An archive is what would help you accomplish all of these tasks. You might have an archive of every sales order, quote or contract your company has ever given.  You might keep current contracts and orders online, but you keep all of them in the archive, which should have an index to let you retrieve orders and contracts via the content of those orders.  You also might have an archive of every email ever sent or received by your company. 

Some email archive systems can purge from the email server emails that have been archived, are bigger than a certain size, and/or haven’t been accessed in over n days.  This helps keep the email system lean, saving on computing and storage resources, and making it easier to backup. That might even be the purpose of that archive, if you’re not required by law to keep all emails.

Restore vs. retrieval

Even if the purpose of an archive is to save space on primary storage, it needs to be able to perform a retrieval vs a restore if it is to be called an archive. Backup systems restore and archive systems retrieve.

When you restore something, it is typically a single file, server or database.  When you retrieve something, it’s usually a collection of related data, that may or may not have been stored on the same server or even in the same format.  A restore is also done to a single point in time, such as restoring a database to the way it looked yesterday.  A retrieval uses a range of time, such as all emails for the last three years.

Restores require you to know a lot of about where the file or data was when it was backed up; otherwise, you can’t find it.  You need to know the name of the server it was on, the database or directory it was in, the name(s) of the file or table you want back and the date when it was last seen. Retrievals have none of that information; they just know they need all the files or records that match a set of parameters.  Give me all files or emails that were created in the last three years that contain a particular phrase or were authored by a particular person.

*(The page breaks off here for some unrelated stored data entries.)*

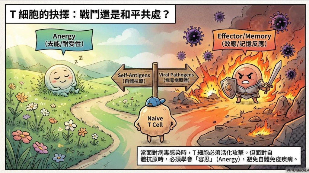 演講的核心,圍繞在 T 細胞的免疫,一個看似熟悉、卻仍不斷被重新理解的領域。在建立基本概念後,黃醫師進一步闡述了在免疫成熟的過程中,Naive T cell 並非一昧遵循耐受 (tolerance) 或記憶 (Memory) 的單一路徑,在 effector phase 的過程中,被反覆刺激的記憶細胞會開始「習慣」敵人(外來抗原)的存在,而緩緩地將角色從「記憶型」轉為「調節型」 T 細胞,以維持整體免疫系統的平衡與穩定。
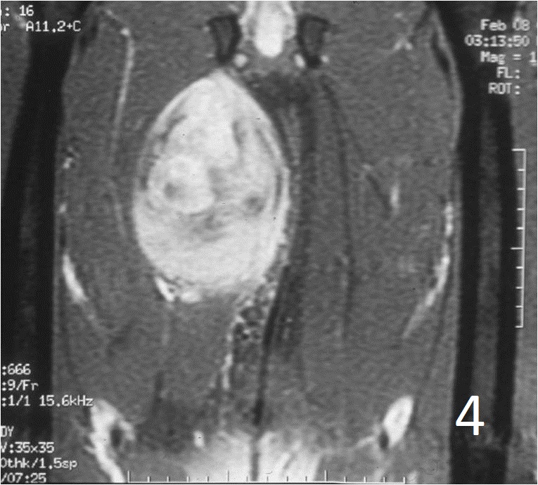 • Well defined heterogenous mass on T2W (Fig. 4, 9)
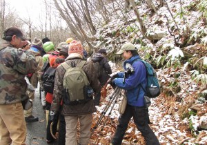 ※4月25日の観察会で見られたもの 植物:シラカンバ、ノリウツギ、ツノハシバミ、オニグルミ、ヤドリギ、オオツルツゲ、ショウジョウスゲ、アキタブキ(フキノトウ)、フデリンドウ(芽だし)、ホオノキ など 野鳥:マガモ、カワガラス、ヤマセミ、アカゲラ、ヒヨドリ、コゲラ、キセキレイ、ハクセキレイ、キクイタダキ、ハシブトガラ、シジュウカラ、ゴジュウカラ、ヒガラ、シメ など その他:エゾリス、ウスタビガの繭、虫こぶ など |

Why the difference matters

Many people try to use their backup system as an archive system, meaning they keep their backups for many years – or even forever. The first time you get a real retrieval request, you’ll find how difficult it is to perform a retrieve from something that is mean to do restores.  This will make the retrieval take much, much longer – potentially months instead of minutes –  and cost much, much, more – millions instead of a few dollars.

If the retrieval is for an electronic discovery request from a lawsuit, and you are unable to satisfy it in a timely manner, you run the risk of the judge issuing an adverse inference instruction. You’ve taken six months to satisfy what they know to be a simple request, and you’re nowhere near complete. The judge infers you’re trying to hide something, and they say that to the jury. You just lost the case. The most infamous example of this was the Morgan Stanley lawsuit where they lost billions in this exact scenario.

Don’t use your backups as archives. If you have a long-term storage need, investigate an actual archive system. There will be an upfront cost, but it will be worth it in the long run.